Visiting or moving to Asuncion and want to know where is the ideal place to shop for groceries? Here’s a list of recommendations from a Paraguayan, from fancy to functional to full-on sensory overload.
High-end supermarkets: Casa rica & Delimarket
Mid-rangesupermarkets: Areté, SuperSeis, Stock
Freshest & locally soursed: AgroShopping & Mercado 4
What started as a little German import shop back in the 1920s has since leveled up into what locals half-jokingly call the “super de millonarios” (rich people’s supermarket.) You will find products from all over the world: mainly Germany, Italy, Denmark, USA, Uruguay, Brazil, and more. Think climate-controlled aisles, imported cheeses, wide variety of liquor, a proper bakery and made-to-order kitchen, and a restaurant (El Molinillo) if you get hungry mid-shop. Great for splurges and hard-to-find imports, less great for your wallet if you go every week.
Strategically placed in DelSol mall, this gourmet supermarket leans into exotic produce, imported delicatessen and a made-to-order kitchen that you won’t regret trying. Fun local flex: Delimarket is a big partner with El Corte Ingles. Casa Rica’s biggest rival is the spot for fancy cheese boards when you are in a “treat myself” mood.
Honestly, it’s a mix. From the weekly cart to 2am cravings, we have everything covered.
With 30+ locations, Super Seis is a Paraguayan classic. Fun fact: it opened the country’s first hypermarket, Hiperseis, back in 1998. Big stores, easy parking, weekend buffet if you’re feeling it. This is where a lot of families do the actual weekly shop.
Areté’s name is a nice bit of wordplay: it comes from the Guaraní word for “festive day,” and the brand leans into that with in-store music, activities, and food courts (called “Festa”) rather than just aisles of shelves. It’s a newer player (launched 2018) but has expanded across Asunción, San Lorenzo and Lambaré, positioning itself as the supermarket that wants your grocery run to feel like a little outing rather than a chore. Worth knowing: Areté is under the same CEO of Casa Rica.

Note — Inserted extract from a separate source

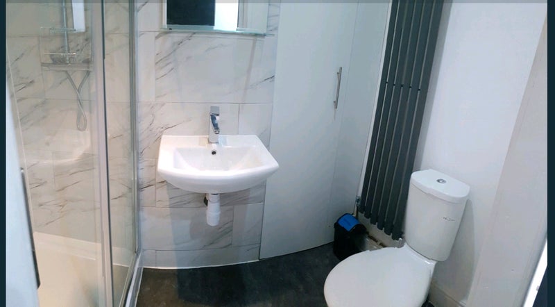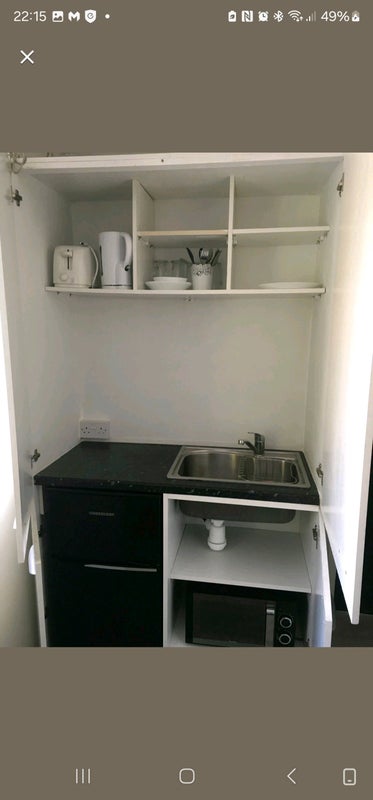Studio apartment rooms. Each are fully furnished and have en-suite bathrooms and kitchenettes with fridge/freezer, sink, microwave kettle and toaster. The studios also have use of the large communal fully fitted kitchen/diner/lounge area with sofas and flat screen tv and low maintenance garden.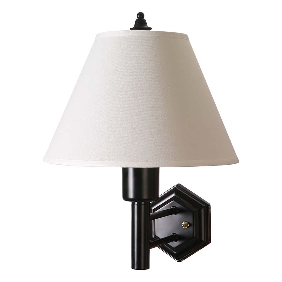 18"H Dark Bronze Single Arm Wall Lamp, medium base socket, push button switch at back plate. 8' Black 45° cord, 24" matching cord cover. 6x13x9" Laura White Hardback Shade. Recommend 1100 lumen LED bulb.

Stock comes from the same Vierci Group family as Super Seis, and honestly plays a similar role: dependable, well-stocked, everywhere. If Super Seis is the reliable friend, Stock is their equally reliable cousin — good for the regular weekly run without any fuss.
In Paraguay, small shops “despensas” usually part of the owner’s house would be the choice, but everything changed when Biggie was launched. Basically reinvented the convenience store here: 150+ locations, open 24/7 365 days. It’s not the cheapest, but when it’s 11pm and you need something right now, Biggie is always there for you.
Well, if you are looking for organic, clean and organized, AgroShopping may be the best. Shop in the mall and stop by to get fresh fruit, vegetables or natural-sourced local and international products. There’s a catch: it’s only available once a week on Tuesdays from 7am to 9pm.
Mercado 4 isn’t a supermarket, it’s a small city. It’s been around since 1942, evolving out of an even older 19th-century market. Today it sprawls across roughly 350,000 m² and pulls in somewhere between 20,000 and 30,000 people a day — shoppers and the ~2,500 vendors who work there. It’s so iconically chaotic it became a movie set — the 2012 thriller 7 Cajas was filmed right there among the stalls.
What to expect? Narrow, tent-covered lanes packed shoulder to shoulder, vendors calling out prices, motorcycles somehow squeezing through foot traffic, and zero clear signage — you will get a little lost, that’s part of the experience. Go with cash (small bills), wear shoes you don’t mind getting dusty, and keep your bag zipped and in front of you like you would in any big, crowded market.
What to get? If it exists, someone at Mercado 4 probably sells it. Anything from a fraction of the price: clothing, shoes, electronics, toys, fruits, vegetables, and meat at a fraction of supermarket prices, housewares, artisan crafts. It’s loud, it’s a maze, and it’s absolutely worth it.